The day of the first session of tai chi came around, and I meekly made my way into the hall and sat by myself. I wasn’t used to doing people! People scared me, but I stayed and we did some warming up, and some qigong and learned how to walk in a way that’s now very familiar. Week 2 came about and I learned a bit more, and a bit more week by week, I couldn’t get it!! I was so angry and frustrated with myself because my elderly mum knows two forms all the way through, and I was likening myself to her.
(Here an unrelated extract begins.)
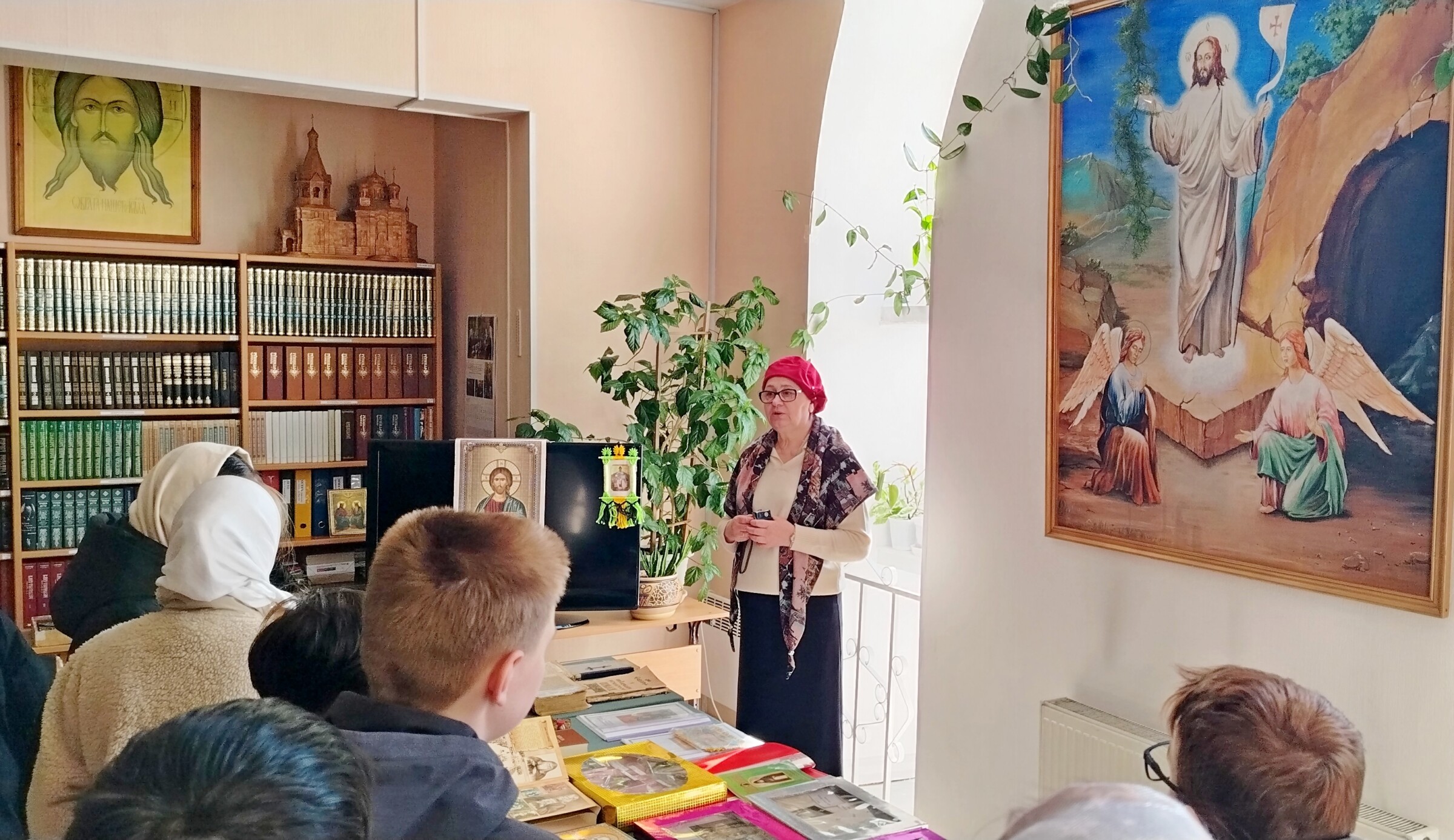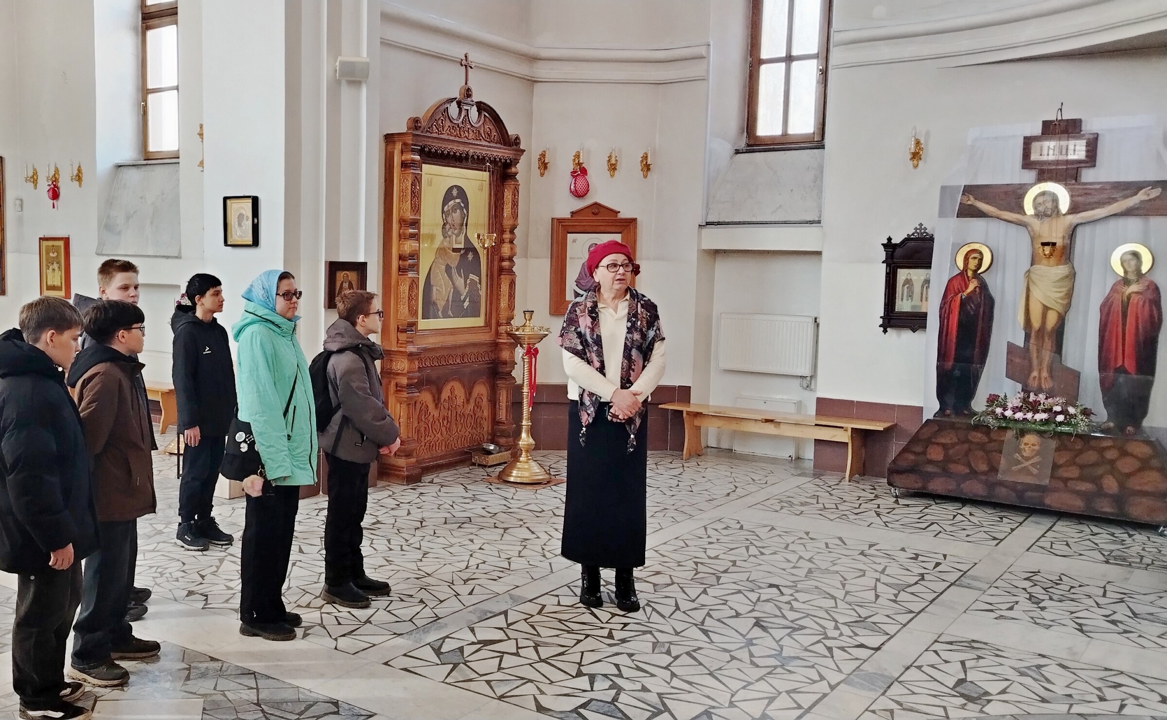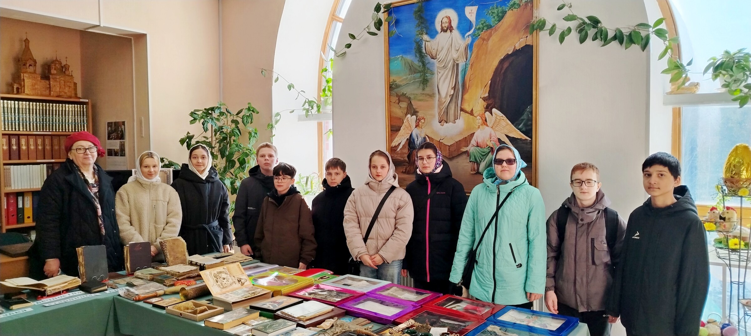 16 апреля экскурсия по храму Святой Троицы была проведена для учащихся 7-го класса ПСОШ № 4. Ребята с интересом и вниманием знакомились с устройством храма и его символикой, слушали рассказ о пасхальных традициях, о том, почему на Пасху освящают крашеные яйца, куличи и пасхи, что символизирует церковная свеча и крест, который из символа смерти превратился в символ обещания вечной жизни. После посещения приходской библиотеки ребята поднялись на колокольню, предварительно выслушав рассказ о колоколах, колокольнях и благодатном колокольном звоне. В завершении экскурсии, собравшись в нижнем храме в честь святого благоверного великого Александра Невского, совместно обсудили значение главного христианского праздника Светлого Христова Воскресения и вместе исполнили легко запоминающийся тропарь праздника,

I was beyond frustrated, but I kept with it after Julie’s encouraging words.

In March, I had my rheumatology appointment, she went through my physio’s findings and asked for a detailed history and found a whole bunch of other things. I’d thought about these before, but filed away as age or women’s or whatever. She ordered some bloods and did some feeling around my legs and came out with ‘I think you’ve got fibromyalgia darling’. I’d thought so too for the past 2 years, but the words coming out of her mouth were like daggers to my heart.

It’s strange when you believe something one minute, then want to disbelieve it as soon as you hear it said. Blood results were in, nothing shown, nothing ever was! Then it plopped on my doormat on March 9th, the letter. The diagnosis in writing. I was gutted! For the next few weeks, I did everything I could to prove I hadn’t got it, I was in complete denial.

Then lockdown happened and tai chi was moved to this video platform that no one had ever heard of before. Julie and Jane had masterfully arranged a timetable of video tai chi classes and because we couldn’t go anywhere, they did more sessions a week. I was getting better at it and feeling better too. The usual Tuesday morning Fibro Active sessions that I struggled to get to, were in my living room, and at the other end were a bunch of supportive ladies who understood how I was feeling, because they’d probably all felt that too. I suddenly felt like I belonged and people understood, all the injuries I got all the fatigue and downright exhaustion – they understood, and being able to open up about my feelings made me understand too.

Tai chi has helped me find a calmer mind, a space to be free from my worries and duties as for Fibro Active, I’ve not been here long but I know it’s where I belong.

Cheryl and her two children, George and Bri

George features very little in my blog but without him, I wouldn’t be here to tell my tale, he’s my rock, he catches me before I fall. Funny how the roles have changed so.